Last week I went to a local crag in Birmingham, Moss Rock Preserve. The Access Fund and local climbers have been putting love into this area in the last year (and this past weekend), revitalizing some of the trails and removing some of the less “natural” aspects that can occur at an urban boulder field (graffiti, litter, etc). It’s where I began climbing initially and it will always be a special place for me. MRP is the place I went to climb and hike before I knew there were gyms to train for these sort of things.
Our goal for the day was to make the most of what might be the last decent weather we would have in the southeast. Dave had been working a fun and dynamic roof problem that he wanted to finish, and one of the other folks had only been climbing for one week, and in the gym. Needless to say, we were excited to even be outside in late April with slightly cool temps, and extra pumped to go on someone’s first outdoor bouldering experience
Ray makes his way across the Loop Traverse.
We warmed up on the Ozzy Loop Traverse, a circular problem that you can start whichever way you prefer. Going up the middle of this oval traverse is a proud eighteen-foot line, General Lee, that had eluded me for quite a while. As we warmed up, we decided to goof around on General Lee before moving on.
The rock itself is only barely a slab, just under being completely vertical. And with a rating of V3, it seemed like we had to be missing something in our beta or that it was graded by someone a bit taller. It starts with a long move from a jug with a high foot to a small, but positive right hand crimp slot. Once there, you can add your left hand to a sloping crimp slightly above eye level. And this, this is where you could see what looked like a good crimp, about six inchesout of reach (as someone who’s 5’8” with a +2 ape index).
Dave looks up, searching for something, before we'd discovered the secret to sending General Lee.
So we were stuck hitting this point, about six or seven feet off the ground, over and over again, until I saw a small sloping edge about knee high for my right foot. The slab is so close to vertical that I didn’t want to test my weight on it, but I was tired of being shut down on this problem. I stepped onto it, it held my weight and my left hand didn’t dry fire. So I stood up just to the right distance for the next hold. When I landed on it, I was so surprised to find myself loving the hold that I fell back off of it!
With the new foot I’d found, I was about nine feet off the deck, and the two pads I fell on didn’t cushion me as much as I expected. I felt encouraged by the progress (finally), but slightly scared falling from the new height.

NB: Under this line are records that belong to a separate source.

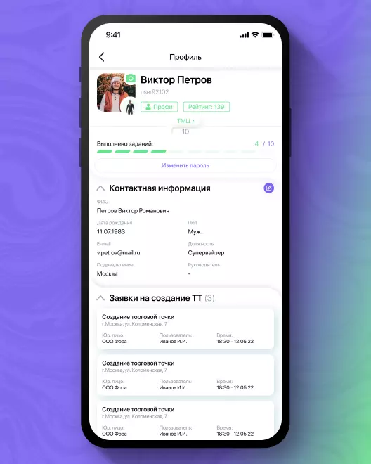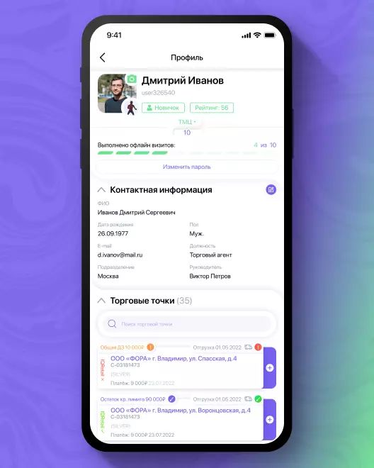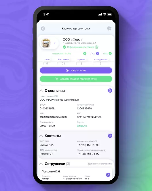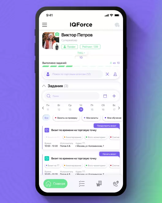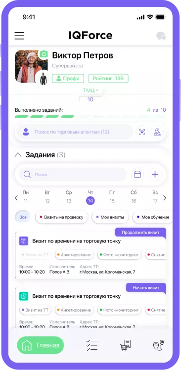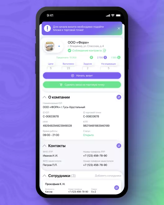 Фиксируем приход торгового агента в торговую точку по геолокации и автоматическое начало визита: система контролирует выполнение всех запланированных в рамках визита задач и собирает данные для статистики.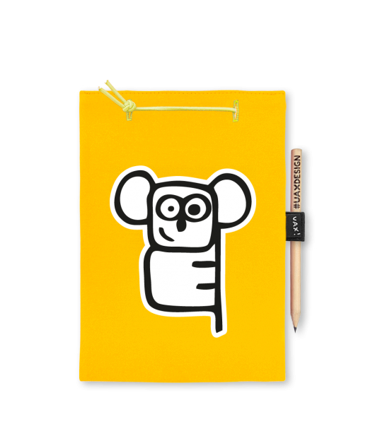 Blok A5 s vyměnitelnými papíry. Na přední straně možnost výběru z více než 300 potisků. Vyrobeno ze 100% bavlny. Výběr z 28 barev. Tiskneme ručním sítotiskem. V horní části blok A5 stažen žlutou gumičkou. 60 listů s perforací pro snadnější odtržení. Žlutá guma ve spodní části pro zajištění obalu. K bloku získáte i tužku #UAXDESIGN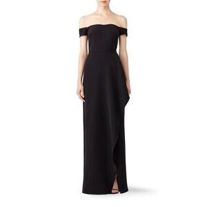 JS Collections Off Shoulder Split Gown Ruffle Maxi Evening Dress Black Size 6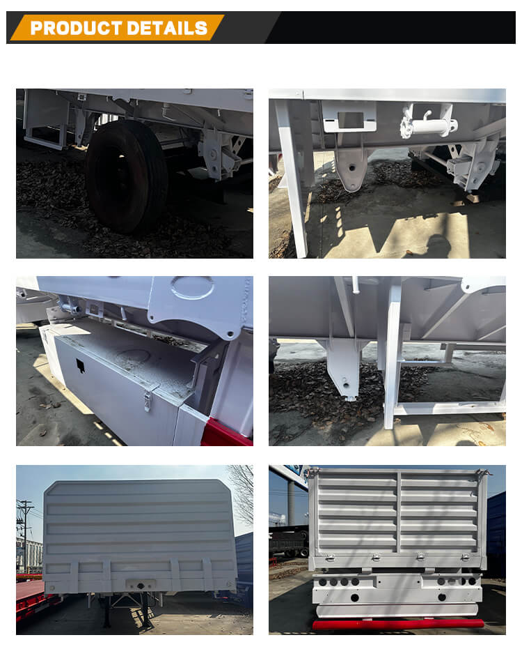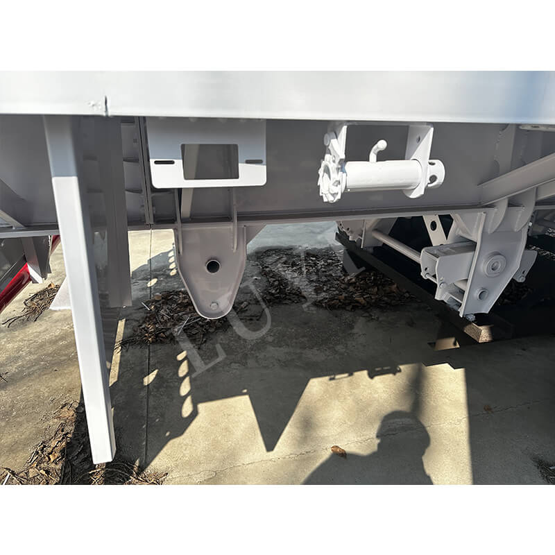 بقياس 12500×2500×1600 مم، فهي مجهزة بثلاثة محاور (اختيارية من العلامات التجارية المعروفة مثل Fuhua، BPW، SAIF، وCIMC) وخيارات التعليق المزدوج (التعليق الميكانيكي والهوائي) من أجل القيادة السلسة. تضمن أرجل الدعم القياسية التي يبلغ وزنها 28 طنًا التحميل والتفريغ الآمن، بينما تتكيف الإطارات بمواصفات 12R22.5/12.00R20/11R22.5 مع ظروف الطريق المختلفة. بالإضافة إلى ذلك، تعمل النوابض الورقية مقاس 90 × 13 × 10 ملم على تعزيز القدرة على التحمل، ويحسن السلم الميكانيكي الراحة التشغيلية، والألوان قابلة للتخصيص، ويعزز نظام الكبح الذي يتم التحكم فيه بالصمام سلامة القيادة، مما يوفر دعمًا موثوقًا للنقل.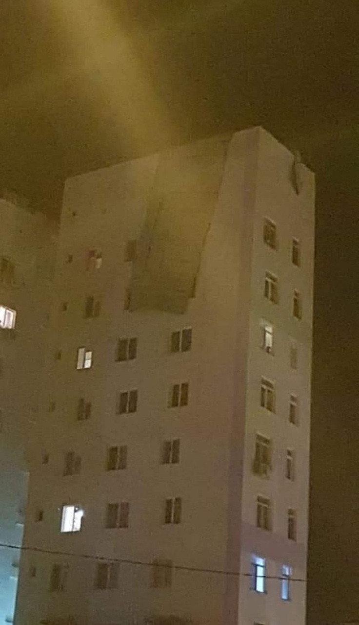 Blocul a fost finalizat în 2018, dar arată ca după război după furtună. O înregistrare arată cum plouă în interior după ce acoperișul a fost luat de vânt.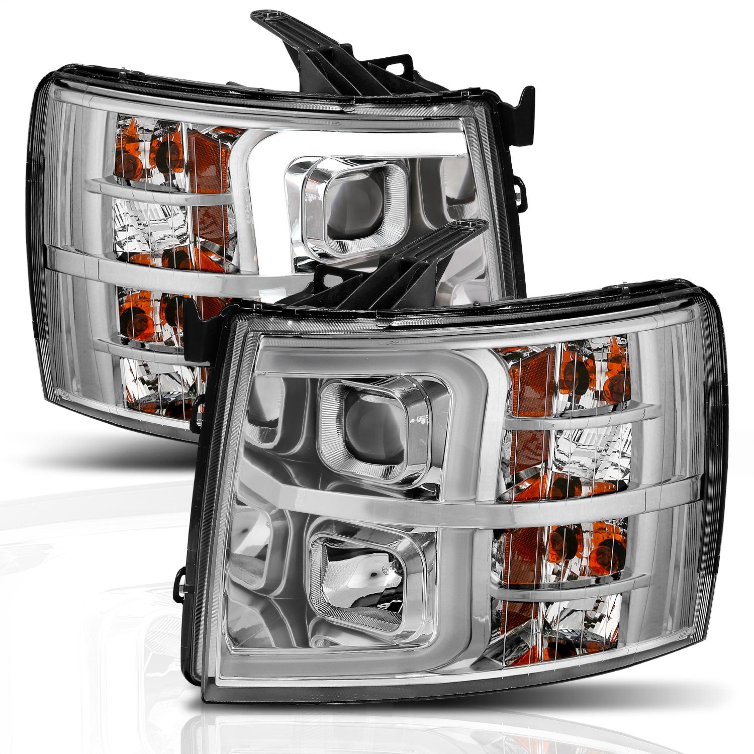 Anzo 111411 - 07-13 Chevrolet Silverado 1500/2500/3500 Proj Headlights w/ Plank Style Switchback Chrome w/Amb

I decided to give it one more go, and I could feel the anxious excitement that comes when your project feels mortal.
I made the moves up to my previous high point with muscle memory ease, hiked my foot up, and latched the next crimp with a sloth-like slowness. I’m happy to saw it was still good. But when I did, the fear of failure and falling became much more prominent. I’d always viewed the rest of the problem as being “over” at that point. I wanted to finish the problem, and instead of trying to overcome the fear invading me like Attila the Hun, I allowed it mix with my determination to send.
I snagged the next crimp with my left, finding it smaller than I expected. My fear grew a little larger. I looked down to locate feet and saw none that I trusted, and motivated by the growing hatred for gravity, I trusted a smeared foot with more certainty that I would have in my calm and collected mind. Then, making a long lunge for a jug, I exhaled as though I had just emerged from watery depths, and confidently topped the boulder.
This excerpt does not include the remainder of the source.